Because AI has a uniquely dangerous talent: it can be wrong in a way that looks courtroom-correct.

The Supreme Court White Paper defines hallucination as output that is fabricated or incorrect while appearing coherent and persuasive, because models predict text rather than verify facts.

And now we have a steady stream of “phantom precedents” and “fake citations” episodes:

  • Andhra Pradesh High Court dealt with non-existent AI-generated citations in a trial court order and warned that AI should be limited to information gathering, not judgment drafting.

  • Gujarat High Court flagged a worrying trend of quasi-judicial orders relying on AI-generated citations and called for parameters/guidelines.

  • The Supreme Court has recently warned that orders based on AI-generated, non-existent judgments will amount to misconduct (reported March 2, 2026).

This is why judges keep returning to the same idea: the integrity of adjudication depends on verifiability. If you can’t verify it, it doesn’t belong in the reasoning chain.

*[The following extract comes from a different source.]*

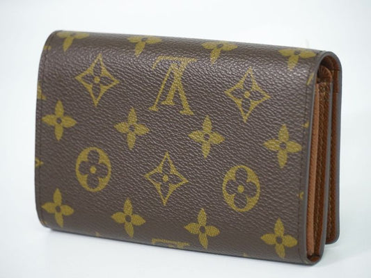 Authentic Louis Vuitton LV Porte Monet Vier Trésor Monogram Fold Wallet Brown

The Madras High Court story is a sign of where things are heading: record-bound AI with explicit boundaries. That’s the lane Superlaw is built for. Superlaw’s core idea is converting the full record into Case Memory so context doesn’t fragment across pleadings, annexures, orders, transcripts and exhibits and then letting you ask questions or draft with outputs grounded in the record and quickly verifiable. The unit of work is the case, not one document, because litigation is a connected system, not a PDF collection.

The real question now

AI is already part of the judicial ecosystem. Courts are experimenting with it, regulating it, and making it clear that it belongs in assistive work around the record, not in the judge’s chair.

At Superlaw, that boundary isn’t a limitation; it’s the design brief. We built Superlaw to stay firmly inside the case record, organising sprawling files, connecting pleadings and annexures, and helping lawyers and judges find what matters faster, while always pointing back to the underlying source.

In other words, Superlaw doesn’t try to think like a lawyer or decide like a judge. It simply does what every good junior in chambers does best: know the record inside out and show you exactly where to look.So the real question for the profession is this: are we ready to upskill ourselves and use AI responsibly within the standards the judiciary is setting?